Problem details:
Pull out every line from the line containing "Нейросеть от зарубежного" through the end of the material, both ends included, and reproduce it exactly. Keep pictures out.

Dataset excerpts:

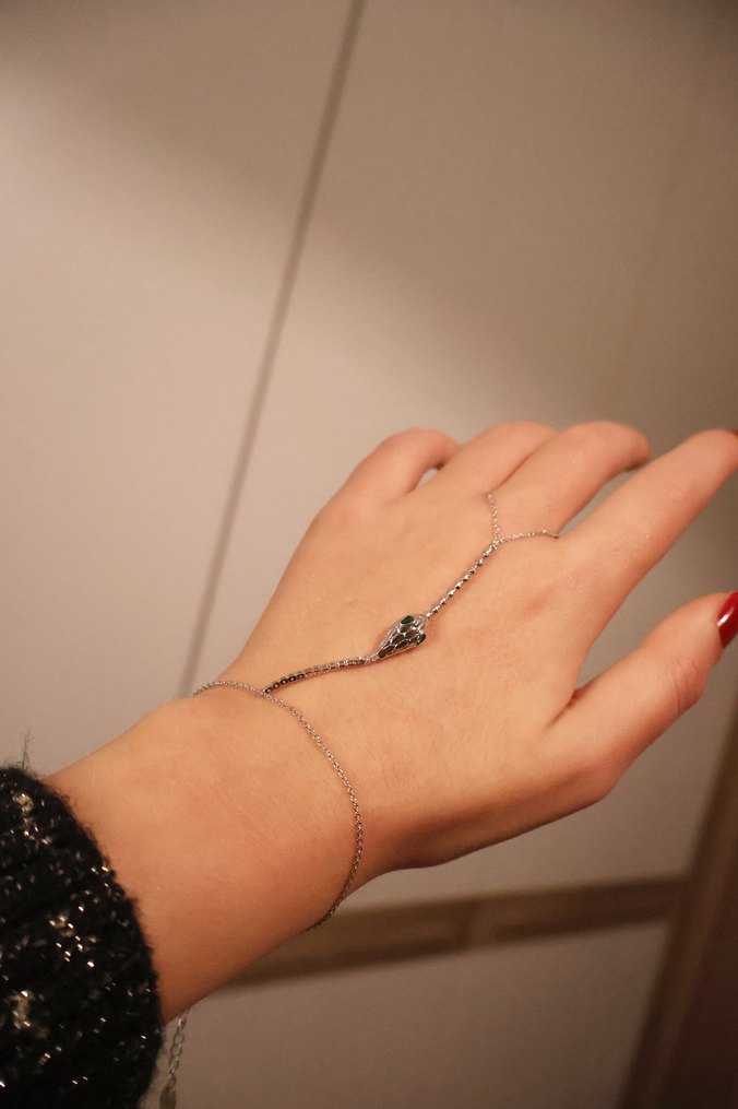 Kadın el zinciri, koyu yılan desenli ve turkuaz detaylı, gotik ve minimalist tarzı günlük kullanıma uygun şekilde birleştirir.
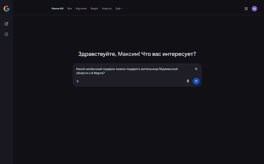 Нейросеть от зарубежного поискового гиганта на запрос — какой необычный подарок можно подарить жительнице Мурманской области к 8 Марта, — советует сделать акцент на северной идентичности и утеплиться, раз мы живем в высоких широтах. Пока что все логично.
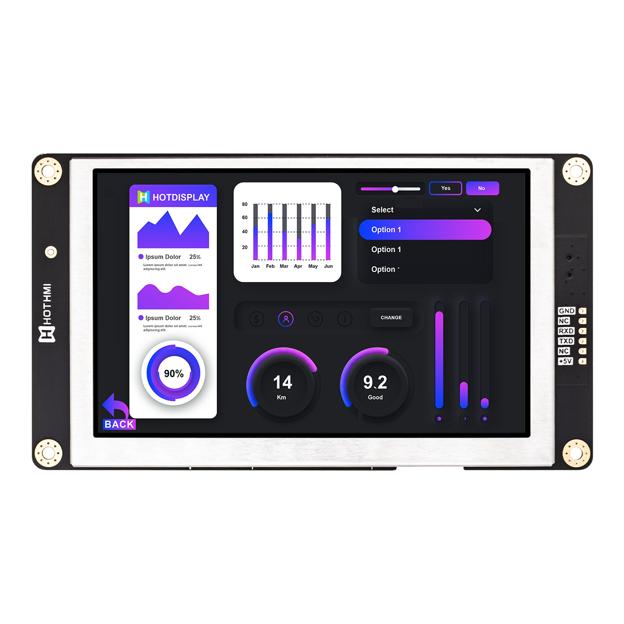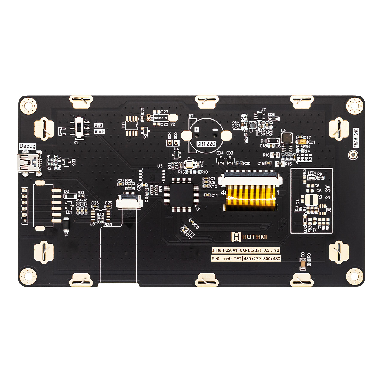 HTM-H050A1-UART-A5是一款 5.0英寸 IPS TFT 顯示屏,分辨率為 800x480 像素。它是一款帶有智能顯示功能的顯示屏,有UART接口,人機(jī)信息交換功能。除了控制器之外,我們的 HMI 顯示器還集成了 MCU 功能。MCU 通過(guò) UART 接口接收主控制板(客戶端)發(fā)送的命令,然后根據(jù)這些預(yù)定義的指令顯示文本、圖像或動(dòng)畫。主控制板(客戶端)上的 MCU 不需要專門針對(duì)圖像顯示的復(fù)雜編程或執(zhí)行。您可以使用我們的 GUI 設(shè)計(jì)軟件 - UI 編輯器輕松創(chuàng)建文本、圖像或動(dòng)畫。無(wú)需編程技能。
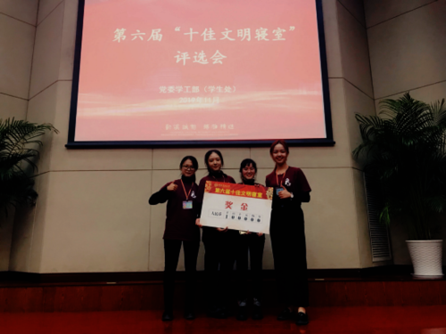 11月28日晚,杭州师范大学第六届 “十佳文明寝室”的评选活动在恕园七号楼200座落下帷幕,电子竞技博彩 博文苑4-203寝室(成员为中文172陈麟、曹艳艳、陈思羽和陈思思四位同学)代表电子竞技博彩 参加校“十佳文明寝室”评比,并荣获校“十佳”的称号。
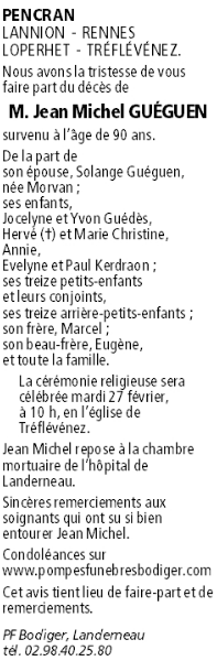 Décédé à Landerneau (29800, France) le jeudi 22 février 2024 à l'âge de 90 ans
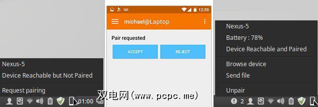KDE是唯一支持与系统通知完全交互的桌面环境(DE),根据我的测试,因此通知中的“接受/拒绝"选项仅可在KDE中使用。非KDE用户需要从桌面指示器/小程序而不是Android应用程序请求配对。
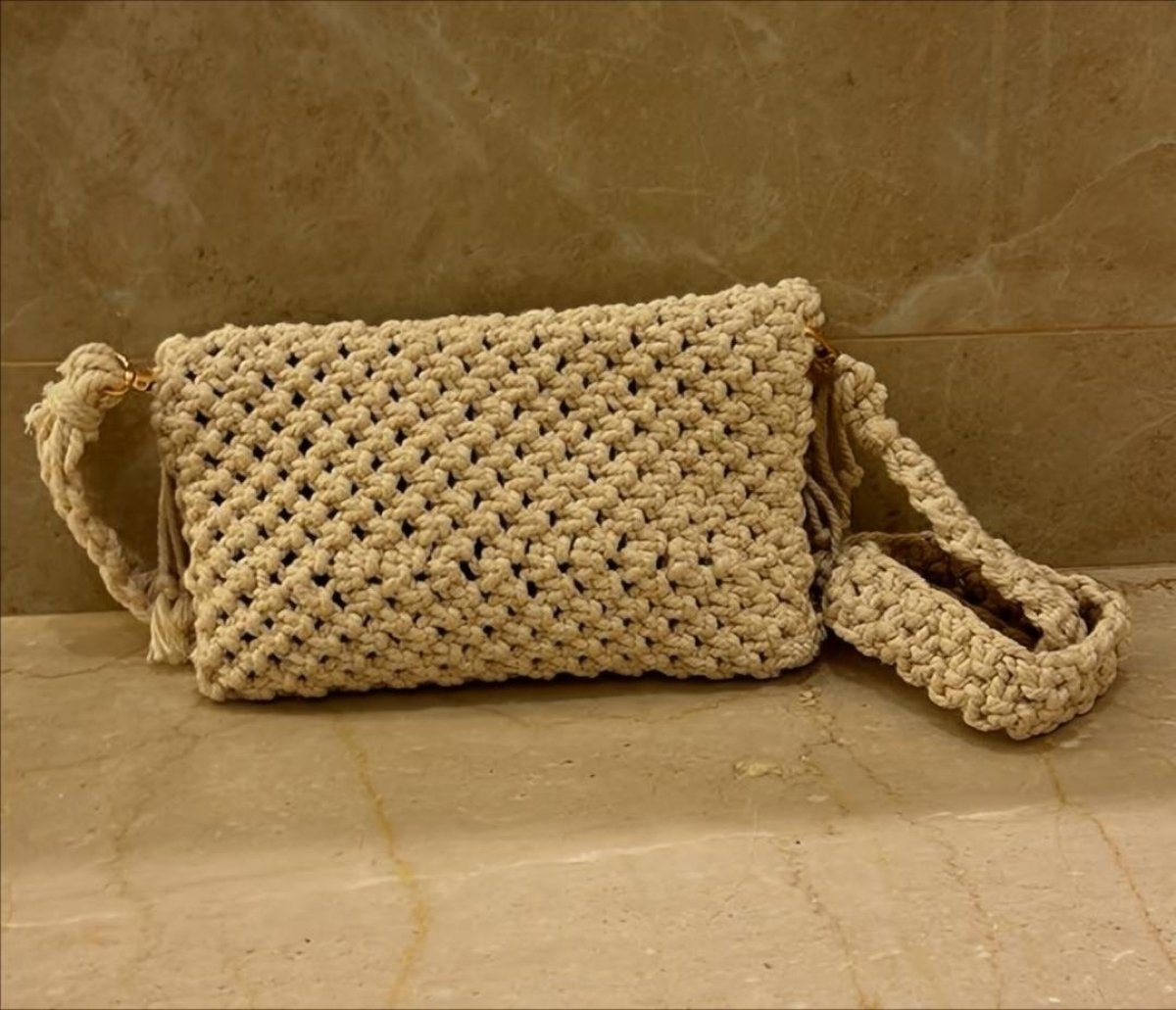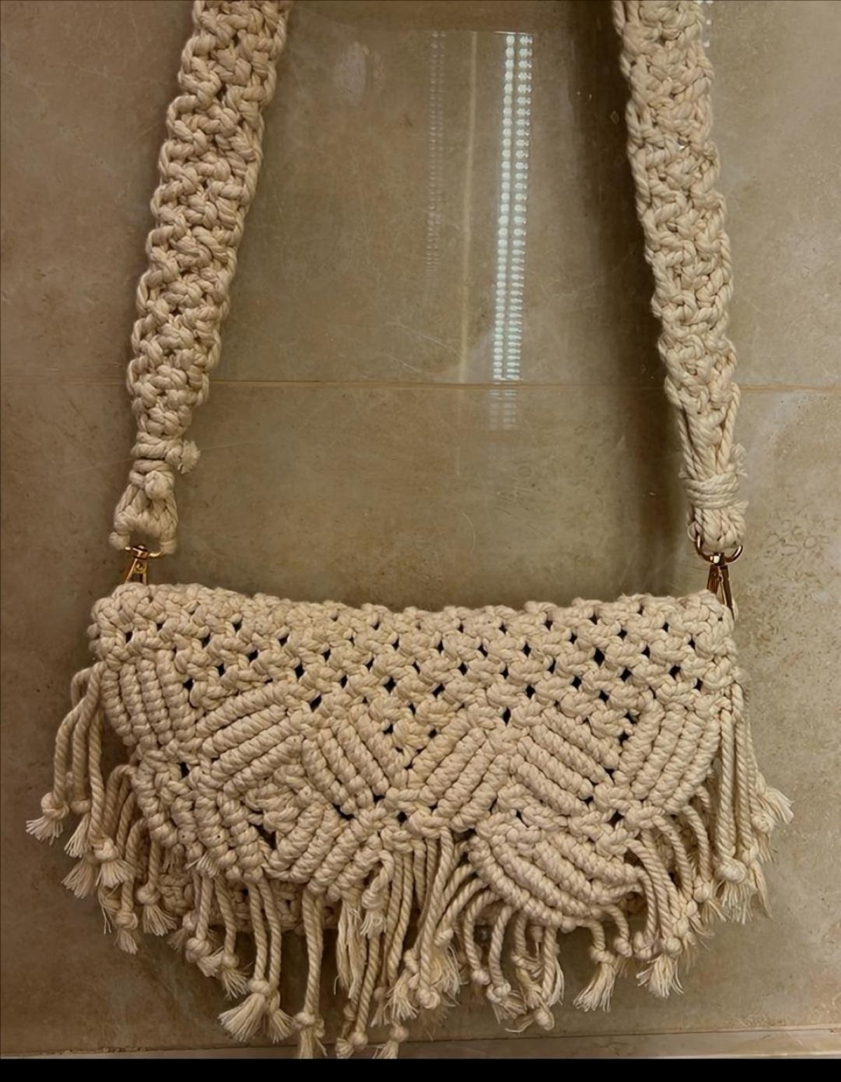 حقيبة يد مكرميه يدوية الصنع حقيبة أنيقة مصنوعة يدويا من خيوط المكرميه القطنية عالية الجودة، بتصميم متقن يجمع بين الطابع البوهيمي واللمسة العصرية. تتميز الحقيبة بنقشات زخرفية دقيقة وحواف مزينة بشرابات متناسقة تضيف لمسة حيوية وجذابة. مزودة بحمالة كتف عريضة مريحة تتيح سهولة الحمل والاستخدام اليومي، مما يجعلها مثالية للمناسبات غير الرسمية، والنزهات، والإطلالات الصيفية الشيك. الخامة: خيوط ماكرميه قطنية متينة. المقاس:٢٥سم عرض. ١٥سم ارتفاع اللون: بيج طبيعي. متاح تغيير اللون حسب رغبه العميل التصميم: زخارف يدوية مع شرابات أنيقة. الاستخدام: حقيبة يد أو كتف عملية وعصرية. قطعة فنية عملية تضيف لمسة أناقة طبيعية لكل إطلالة.

Your response:
 Нейросеть от зарубежного поискового гиганта на запрос — какой необычный подарок можно подарить жительнице Мурманской области к 8 Марта, — советует сделать акцент на северной идентичности и утеплиться, раз мы живем в высоких широтах. Пока что все логично.
 HTM-H050A1-UART-A5是一款 5.0英寸 IPS TFT 顯示屏,分辨率為 800x480 像素。它是一款帶有智能顯示功能的顯示屏,有UART接口,人機(jī)信息交換功能。除了控制器之外,我們的 HMI 顯示器還集成了 MCU 功能。MCU 通過(guò) UART 接口接收主控制板(客戶端)發(fā)送的命令,然后根據(jù)這些預(yù)定義的指令顯示文本、圖像或動(dòng)畫。主控制板(客戶端)上的 MCU 不需要專門針對(duì)圖像顯示的復(fù)雜編程或執(zhí)行。您可以使用我們的 GUI 設(shè)計(jì)軟件 - UI 編輯器輕松創(chuàng)建文本、圖像或動(dòng)畫。無(wú)需編程技能。
 11月28日晚,杭州师范大学第六届 “十佳文明寝室”的评选活动在恕园七号楼200座落下帷幕,电子竞技博彩 博文苑4-203寝室(成员为中文172陈麟、曹艳艳、陈思羽和陈思思四位同学)代表电子竞技博彩 参加校“十佳文明寝室”评比,并荣获校“十佳”的称号。
 Décédé à Landerneau (29800, France) le jeudi 22 février 2024 à l'âge de 90 ans
KDE是唯一支持与系统通知完全交互的桌面环境(DE),根据我的测试,因此通知中的“接受/拒绝"选项仅可在KDE中使用。非KDE用户需要从桌面指示器/小程序而不是Android应用程序请求配对。
 حقيبة يد مكرميه يدوية الصنع حقيبة أنيقة مصنوعة يدويا من خيوط المكرميه القطنية عالية الجودة، بتصميم متقن يجمع بين الطابع البوهيمي واللمسة العصرية. تتميز الحقيبة بنقشات زخرفية دقيقة وحواف مزينة بشرابات متناسقة تضيف لمسة حيوية وجذابة. مزودة بحمالة كتف عريضة مريحة تتيح سهولة الحمل والاستخدام اليومي، مما يجعلها مثالية للمناسبات غير الرسمية، والنزهات، والإطلالات الصيفية الشيك. الخامة: خيوط ماكرميه قطنية متينة. المقاس:٢٥سم عرض. ١٥سم ارتفاع اللون: بيج طبيعي. متاح تغيير اللون حسب رغبه العميل التصميم: زخارف يدوية مع شرابات أنيقة. الاستخدام: حقيبة يد أو كتف عملية وعصرية. قطعة فنية عملية تضيف لمسة أناقة طبيعية لكل إطلالة.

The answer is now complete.